Chapter 13. Streaming

  1. A stream of data is a sequence of elements that could have no end.
  2. Streams provided by akka-stream library.
  3. Using akka-stream involves two steps:
    • define a blueprint: how streams need to be processed;
    • execute the blueprint: the graph is turned into actors that actually stream the data.
  4. Source and Sink are stream endpoints.
  5. The Source and Sink form RunnableGraph when connected together.
  6. All inputs and outputs in graph should be connected to form RunnableGraph.
  7. RunnableGraph.run materialize the graph - it creates needed resources and do actual work. It requires Materializer in implicit scope. ActorMaterializer converts RunnableGraph into actors.
  8. A stream can be cancelled using take, takeWhile and takeWithin.
  9. Streams use special protocol between data publisher and subscriber.
  10. Data subscriber use nonblocking back pressure to signal the publisher how much data it can process.
  11. Back pressure is traversed from the end of stream to the beginning to ensure no publisher sends more messages than slowest consumer can process.
  12. Reactive Streams Initiative is a standard for asynchronous stream processing with nonblocking back pressure.
  13. Akka-stream uses buffers internaly, so it requests batches of elements instead of requesting every single one.
  14. Akka-stream performs operator fusion to remove unnecessary asynchronous boundaries in the graph. As many stages in a graph as possible are run on a single actor. This behavior is configurable.
  15. Sources and sinks can provide an auxiliary value in a Future. It's possible to configure which value should be kept in each transition (left, right or both).
  16. Flow component is used to perform processing on a stream data.

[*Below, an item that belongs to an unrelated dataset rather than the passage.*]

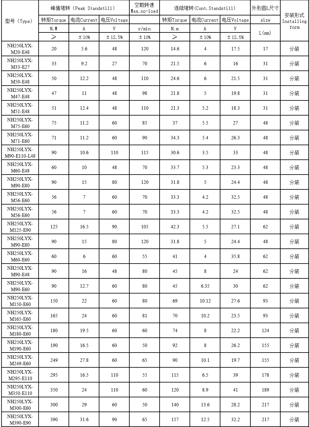 NH250LYX系列直流力矩電機

A Flow has one input port and one output.
  17. Akka-stream has a couple of predefined Flows for framing that can be used to identify frames of data in a stream.
  18. The Flow has many collection-like operations, such as map and filter.
  19. A stream is not a collection. Big difference: the size of stream is not known.
  20. By default, stream processing is stopeed when an exception occurs. Supervisor strategy can be set for every graph component or for the complete graph to avoid this.
  21. Another option: catch exceptions and pass them through the stream as special messages.
  22. Bidirectional flow has two open inputs and two open outputs.
  23. BidiFlow can be stacked on top of a flow as an adapter.
  24. In other words: BidiFlow provides two flows that can be connected before and after the existing flow to adapt input and output of the flow.
  25. Akka-http internally uses akka-stream.
  26. HTTP request entity has a dataBytes field which is Source of data in the HTTP stream.
  27. Source can be send to the client as HttpEntity(ContentType, Source).
  28. Akka-http makes it possible to create custom marshallers and unmarshallers for entity data of different content types.
  29. Akka-stream provides graph DSL.
  30. Graph DSL provides GraphDSL.Builder to create the nodes and a ~> method to connect nodes.
  31. Flows can be merged with MergeGraphStage or MergePreferredGraphStage.
  32. Source.combine can be used to merge Sources.
  33. Buffers can be used in streams. Flow.buffer method requires two arguments: buffer size and overflow strategy.
  34. Buffer overflow strategies:
    • dropHead;
    • dropTail;
    • dropBuffer;
    • dropNew;
    • backpressure;
    • fail.
  35. Flow.groupedWithin groups stream elements that arrived during specified time. Can be used to decrease load to the consumer.
  36. Flow.expand registers iterator that will be used when there are no elements available from the flow but fast consumer is ready to process. It will pull elements from the iterator in this case.

Chapter 14. Clustering

  1. A cluster is a dynamic group of nodes, it makes it possible to dynamically grow and shrink the number of nodes.
  2. Each node is a JVM with actor system started in it.
  3. All actor systems in the cluster should have the same name (this is the name of the cluster as well).
  4. Each cluster should contain one or more seed nodes. Seed nodes is a founders of the cluster.
  5. New node should know a list of seed nodes to join to the cluster. The list can be set in the configuration file.
  6. New node sends join message to each seed node; the first seed node to respond will get to handle the join command.
  7. One of the nodes in the cluster is the leader. The leader decides if a member node is up or down.
  8. The first node, in sort order, that is Up or Leaving automatically becomes the leader.
  9. If node in the cluster is down, it's flagged as UNREACHABLE.
  10. The leader can't execute any leader actions as long as any of the nodes are unreachable. No node can leave or join the cluster in this case.
  11. The unreachable node have to be taken down (use down method or akka.cluster.auto-down-unreachable-after setting).
  12. An actor can use Cluster.subscribe method to subscribe to cluster events: MemberUp, MemberExited, MemberRemoved, UnreachableMember, ReachableMember and CurrentClusterState.
  13. ActorRef.watch method can be used as usual to watch actors in the cluster.
  14. Routers can be used with ClusterRouterPool and ClusterRouterGroup wrappers.
  15. Cluster can be tested on local machine or in multi-JVM environment with sbt-multi-jvm plugin in usual way.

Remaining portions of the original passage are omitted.